Rep. Ro Khanna (D-CA), who serves as co-chair of Sen. Bernie Sanders‘s (I-VT) 2020 presidential campaign, broke with Sanders over his support for allowing the Boston Marathon bomber Dzhokhar Tsarnaev to vote from prison, telling CNN’s New Day on Wednesday that he “wouldn’t go that far” to restore voting rights for felons.
A partial transcript is as follows:
JOHN BERMAN: Do you believe in the right of the incarcerated to vote, Congressman? And what’s your response to the [Boston Marathon] survivor who is disappointed in Senator Sanders?
REP. RO KHANNA: Well, I saw Rosanne’s statement on your show and she’s very inspiring and my heart goes out to her. Let’s start with some basic facts and then I think my state, California, shows the way forward. Senator Sanders is talking about this because mass incarceration is an issue of racial disparity. One out of every three black men are in jail or find themselves convicted of a felony. We have a country which has gone from incarcerating 500,000 people to 2.2 million people, and this is disenfranchising for many people of color. I think California has a compromise where felony convictions, those who are nonviolent in county jails have the right to vote, but those who have committed violent felonies, like the Boston Marathon, don’t have the right to vote. And that seems like a reasonable way forward where you’re re-franchising people, but not giving someone like the Bostom Marathon bomber.
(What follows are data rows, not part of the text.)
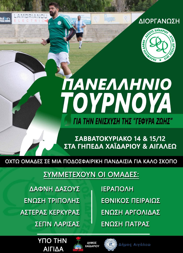 και Αιγάλεω θα πραγματοποιηθεί το Σαββατοκύριακο 14 και 15 Δεκεμβρίου. Σκοπός της διοργάνωσης είναι η ενίσχυση του σωματείου «ΓΕΦΥΡΑ ΖΩΗΣ». Στο τουρνουά θα συμμετάσχουν ομάδες από την Κέρκυρα, την Πάτρα, την Λάρισα, την Τρίπολη, την Αργολίδα καθώς και ο Εθνικός Πειραιά και η Ιεράπολη Αιγάλεω. Οι αγώνες της Α’ φάσης θα διεξαχθούν στα γήπεδα «Τάκης Χαραλαμπίδης», και ΔΑΚ Αιγάλεω. Ο μεγάλος και ο μικρός τελικός θα γίνουν στο γήπεδο «Σταύρος Μαυροθαλασσίτης».
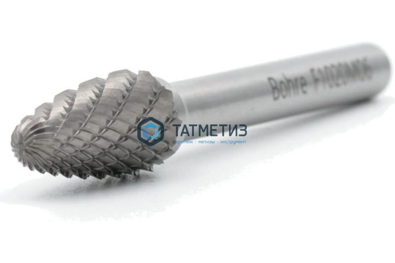 Борфреза твердосплавная №435, 6 х 16 х 61 мм, d хв.= 6 мм, Форма H - пламя, Двойная заточка, ПРОФ |
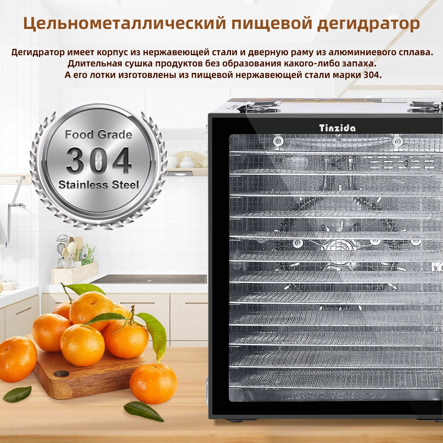 Сушилка для овощей, фруктов и мяса Tinzida Дегидратор 12 поддонов интересное:
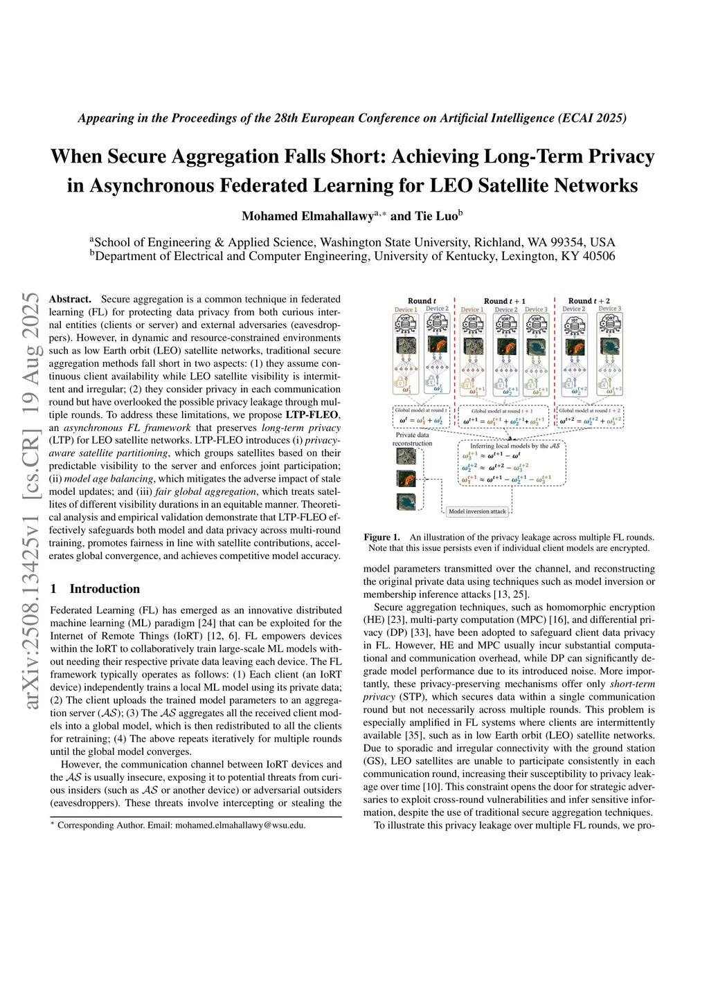 Secure aggregation is a common technique in federated learning (FL) for protecting data privacy from both curious internal entities (clients or server) and external adversaries (eavesdroppers). However, in dynamic and resource-constrained environments such as low Earth orbit (LEO) satellite networks, traditional secure aggregation methods fall short in two aspects: (1) they assume continuous client availability while LEO satellite visibility is intermittent and irregular; (2) they consider privacy in each communication round but have overlooked the possible privacy leakage through multiple rounds. To address these limitations, we propose LTP-FLEO, an asynchronous FL framework that preserves long-term privacy (LTP) for LEO satellite networks. LTP-FLEO introduces (i) privacy-aware satellite partitioning, which groups satellites based on their predictable visibility to the server and enforces joint participation; (ii) model age balancing, which mitigates the adverse impact of stale model updates; and (iii) fair global aggregation, which treats satellites of different visibility durations in an equitable manner. Theoretical analysis and empirical validation demonstrate that LTP-FLEO effectively safeguards both model and data privacy across multi-round training, promotes fairness in line with satellite contributions, accelerates global convergence, and achieves competitive model accuracy.

BERMAN: To be clear, that’s a different position than Senator Bernie Sanders. You acknowledge that, correct?
REP. KHANNA: It is a different position than the one he articulated. I think it’s a comprise position going forward and one that has worked in my home state of California.
BERMAN: Okay, but you do that he’s wrong about Dzhokhar Tsarnaev should have the right to vote?
REP. KHANNA: I think that I wouldn’t go that far. I mean, obviously, he should have the right to be treated for cancer if he has cancer, and he should have certain human rights, but I wouldn’t go that far in terms of giving him the right to vote.